In 2012, Veramonte head winemaker Rodrigo Soto shifted all of their vineyards to organic viticulture, and his next goal is to transition to biodynamics, a practice he believes is particularly suited to expressing site. “How can we capture decomposed granite in grapes?” he asked, hypothetically. “How can we get the soil into the wine?” For Soto the answer is to close the fertility cycle of the vineyard through biodynamics, allowing a unique expression of region into the wines.

Veramonte started their Ritual label as a vineyard-designate project, and vineyard practices and winemaking techniques are employed to emphasize the characteristics of each place. I found the wines expressed fresh fruit and minerality with depth and complexity, including 2017 Veramonte Chardonnay, 2016 Ritual Chardonnay, 2016 Supertuga Single Vineyard Chardonnay, 2016 Veramonte Pinot Noir, 2016 Ritual Pinot Noir, and 2016 Monster Block Single Vineyard Pinot Noir.

Kingston Family Vineyards is an American-owned winery in Casablanca, started in the early 1900’s. Today winemaker Amael Orrego is overseeing the conversion of 60 hectares from conventional to organic vineyards, with a focus “not on promotion, but to make better wine.”

Soils under the undulating vineyard hills are decomposed granite. A dairy farm on site supplies manure for compost. “Compost improves the microorganisms in the soil,” Orrego said, adding that it “does not fertilize the wine — it feeds the soil.”

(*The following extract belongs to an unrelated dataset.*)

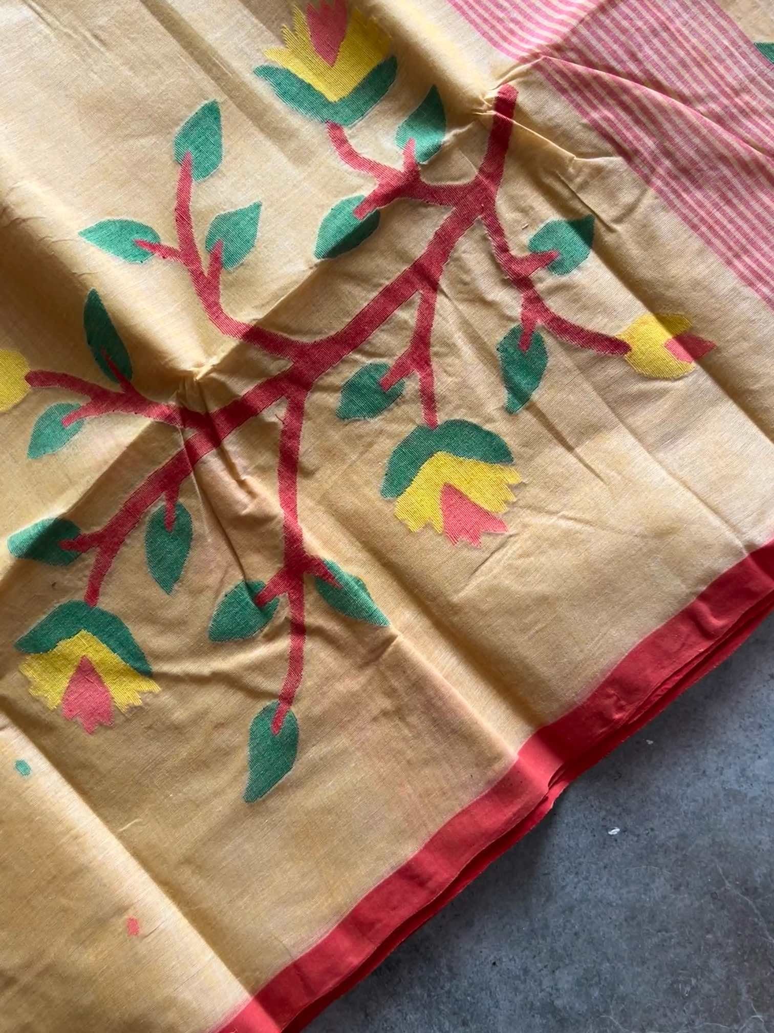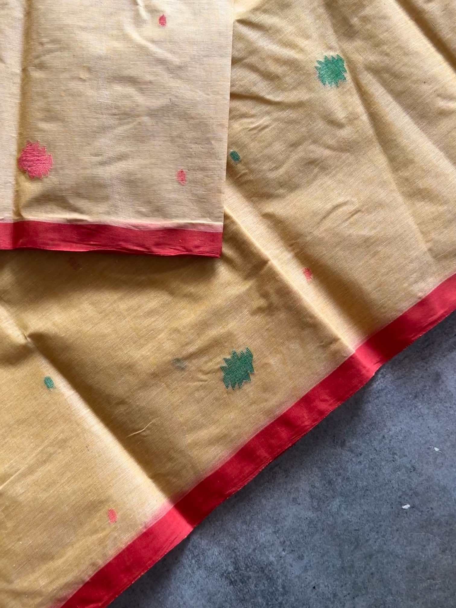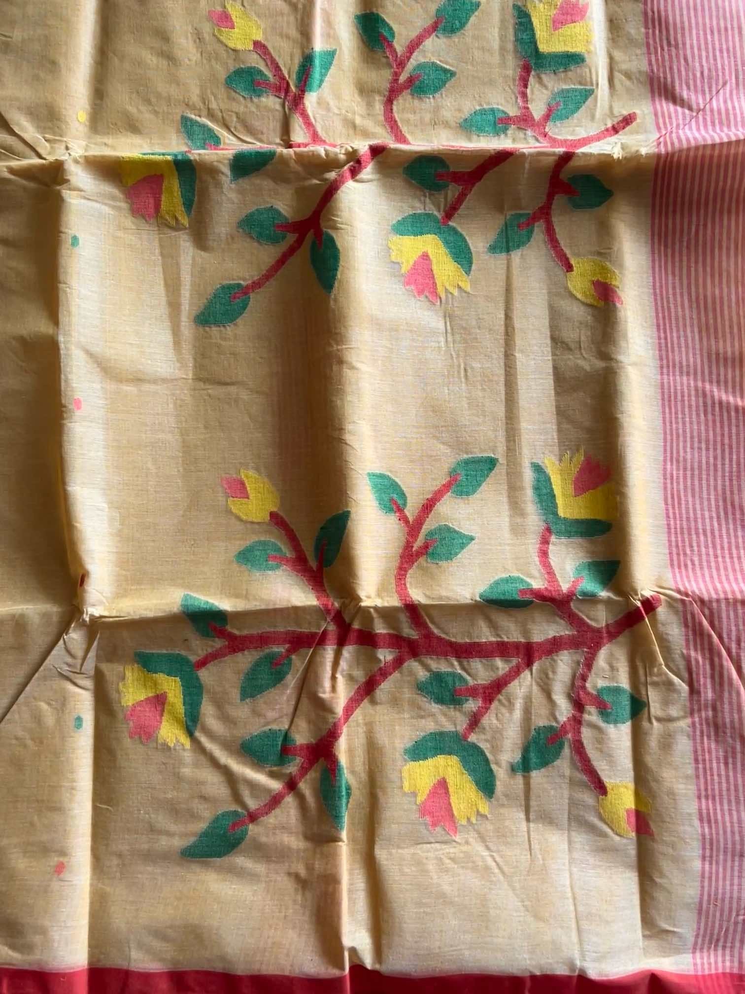 Handloom Bengal cotton sarees with Jamdani work are a beautiful fusion of craftsmanship and tradition. Each saree is an art piece, with the Jamdani motifs—ranging from floral to geometric patterns—woven into the fabric using the finest cotton threads. The handloom process ensures every saree is unique, with slight variations that speak to the skill and dedication of the weavers. The gentle drape, coupled with the elegance of the intricate Jamdani work, gives these sarees an understated yet timeless beauty, making them a favorite for both everyday wear and special occasions.

Orrego believes Kingston is the only winery in Casablanca with Pommard and Calera Pinot Noir clones planted among the more common Dijon. He expressed high hopes for Calera in particular, and believes that “Chile is on the cusp of a breakthrough in premium Pinot Noir.”

Kingston wines such as the 2016 Savino Chardonnay, 2016 Tobino Pinot Noir, and 2017 Alazan Pinot Noir illustrate that high quality wines from Casablanca are worthy of international recognition.


Limarí, in the northern Coquimbo Valley, is not protected by a coastal mountain range, so receives full ocean influences, with steady winds. Marcelo Papa, winemaker at Concho y Toro, said the fog rolls in around 3 a.m., blanketing the area until noon and resulting in a maximum of 5 hours of sun each day. This produces Pinot Noirs and Chardonnays that are “more austere, less fruit intense, more intellectual, more Burgundian in style,” he said.

Papa’s special project, Maycas di Limarí, seeks site expression in the vineyard’s limestone soils and red clay, which he believes add body to the wines. Through the 2016 Maycas di Limari Quebrada Seca Chardonnay and the 2016 Maycas di Limari San Julian Pinot Noir Marcelo shares his expression of Limarí.

If Papa is fortunate to have veins of limestone in his vineyard, Felipe Müller, winemaker at Viña Tabali, won the limestone lottery. Müller told me that Tabali’s Talinay Vineyard is the only vineyard in Chile planted over marine terroir – the bedrock is solid limestone. Lying just adjacent to the Atacama Desert, the average rainfall is a mere 80 mm a year, requiring irrigation for the Sauvignon Blanc, Chardonnay, and Pinot Noir planted there. Viña Tabali beautifully expresses the unique site of the Talinay Vineyard through its 2015 Talinay Chardonnay, 2015 Talinay Pinot Noir, and 2015 Talinay Sauvignon Blanc. Each wine reveals a similar style of expressive fruit with pronounced minerality, complexity, and vibrancy.

Conveying — and Communicating — a Sense of Place(s)

Over my week of site visits and tastings, it became clear that these winemakers are not just striving to produce wines of place, they’re succeeding.

“We have not been good storytellers of our country,” Rodrigo Soto, of Veramonte, said. But through loose team effort these winemakers are trying to shift the narrative. “This project is about believing in the regions,” he said; an organic movement started by those who have their hands in the dirt.

The shift won’t happen overnight. “Building an image takes time,” said Müller, of Viña Tabali. “Maybe we should have started sooner, but we are here now.”